*** Opening Material provided ***

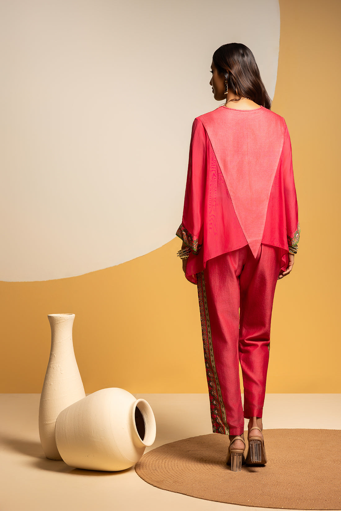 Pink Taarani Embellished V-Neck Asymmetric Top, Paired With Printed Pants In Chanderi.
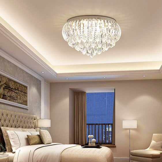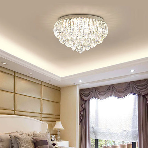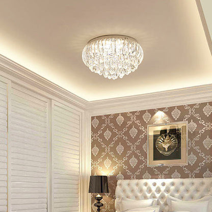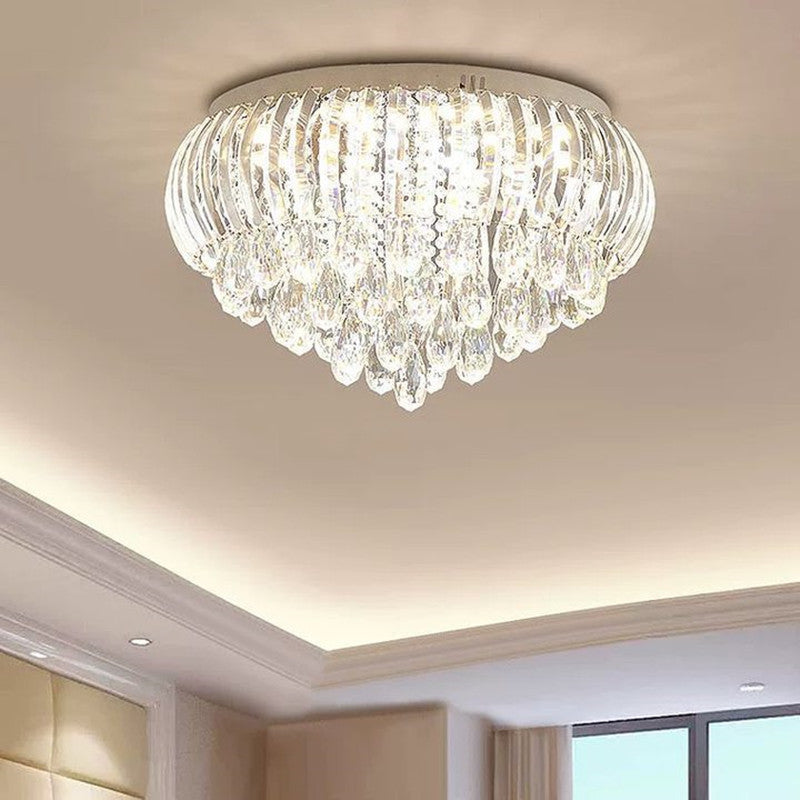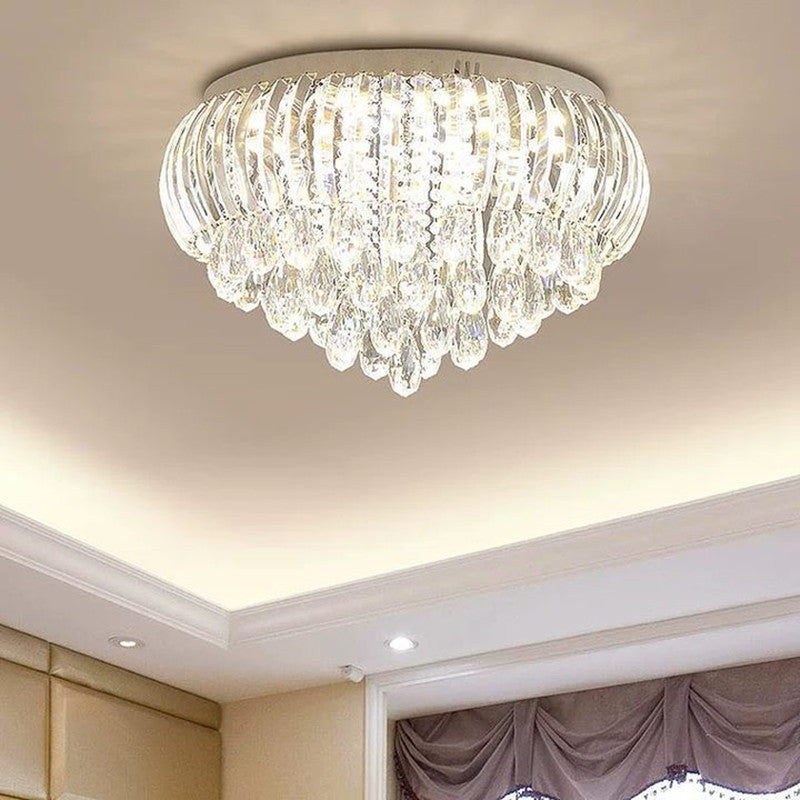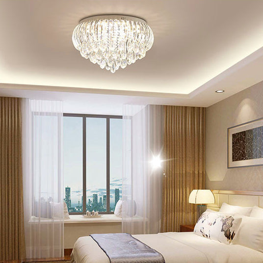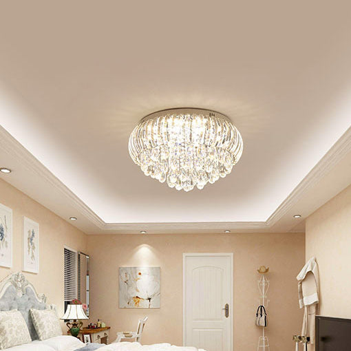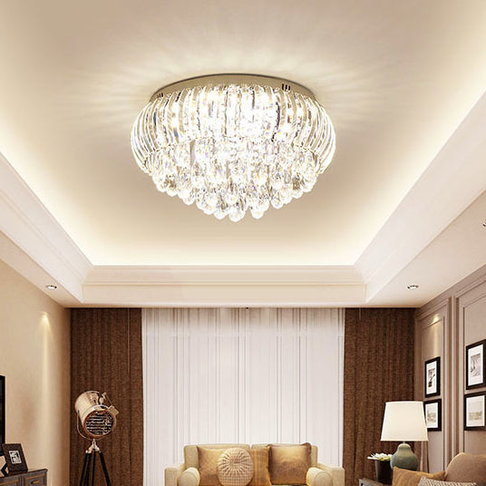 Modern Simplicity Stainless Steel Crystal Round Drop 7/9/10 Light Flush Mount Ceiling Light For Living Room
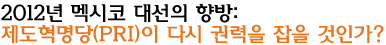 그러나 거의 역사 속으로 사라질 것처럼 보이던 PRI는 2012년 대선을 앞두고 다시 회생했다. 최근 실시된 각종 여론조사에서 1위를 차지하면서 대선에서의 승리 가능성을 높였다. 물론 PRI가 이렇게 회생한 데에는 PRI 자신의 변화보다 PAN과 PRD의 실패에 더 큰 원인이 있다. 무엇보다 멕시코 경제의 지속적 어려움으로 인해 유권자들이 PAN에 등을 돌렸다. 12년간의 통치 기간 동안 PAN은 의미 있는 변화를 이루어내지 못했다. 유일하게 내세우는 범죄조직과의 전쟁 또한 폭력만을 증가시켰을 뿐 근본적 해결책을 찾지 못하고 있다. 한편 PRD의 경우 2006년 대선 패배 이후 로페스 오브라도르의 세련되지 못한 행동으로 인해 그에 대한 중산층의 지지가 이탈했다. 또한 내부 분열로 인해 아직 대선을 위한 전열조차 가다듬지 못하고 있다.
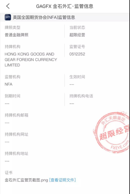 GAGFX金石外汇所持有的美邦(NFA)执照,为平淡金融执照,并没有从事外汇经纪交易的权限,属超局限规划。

*** Closing Material provided ***

Exercise → Without including a single picture, restate all of the data word for word.

Result of this task →
 Pink Taarani Embellished V-Neck Asymmetric Top, Paired With Printed Pants In Chanderi.
 Modern Simplicity Stainless Steel Crystal Round Drop 7/9/10 Light Flush Mount Ceiling Light For Living Room
 그러나 거의 역사 속으로 사라질 것처럼 보이던 PRI는 2012년 대선을 앞두고 다시 회생했다. 최근 실시된 각종 여론조사에서 1위를 차지하면서 대선에서의 승리 가능성을 높였다. 물론 PRI가 이렇게 회생한 데에는 PRI 자신의 변화보다 PAN과 PRD의 실패에 더 큰 원인이 있다. 무엇보다 멕시코 경제의 지속적 어려움으로 인해 유권자들이 PAN에 등을 돌렸다. 12년간의 통치 기간 동안 PAN은 의미 있는 변화를 이루어내지 못했다. 유일하게 내세우는 범죄조직과의 전쟁 또한 폭력만을 증가시켰을 뿐 근본적 해결책을 찾지 못하고 있다. 한편 PRD의 경우 2006년 대선 패배 이후 로페스 오브라도르의 세련되지 못한 행동으로 인해 그에 대한 중산층의 지지가 이탈했다. 또한 내부 분열로 인해 아직 대선을 위한 전열조차 가다듬지 못하고 있다.
 GAGFX金石外汇所持有的美邦(NFA)执照,为平淡金融执照,并没有从事外汇经纪交易的权限,属超局限规划。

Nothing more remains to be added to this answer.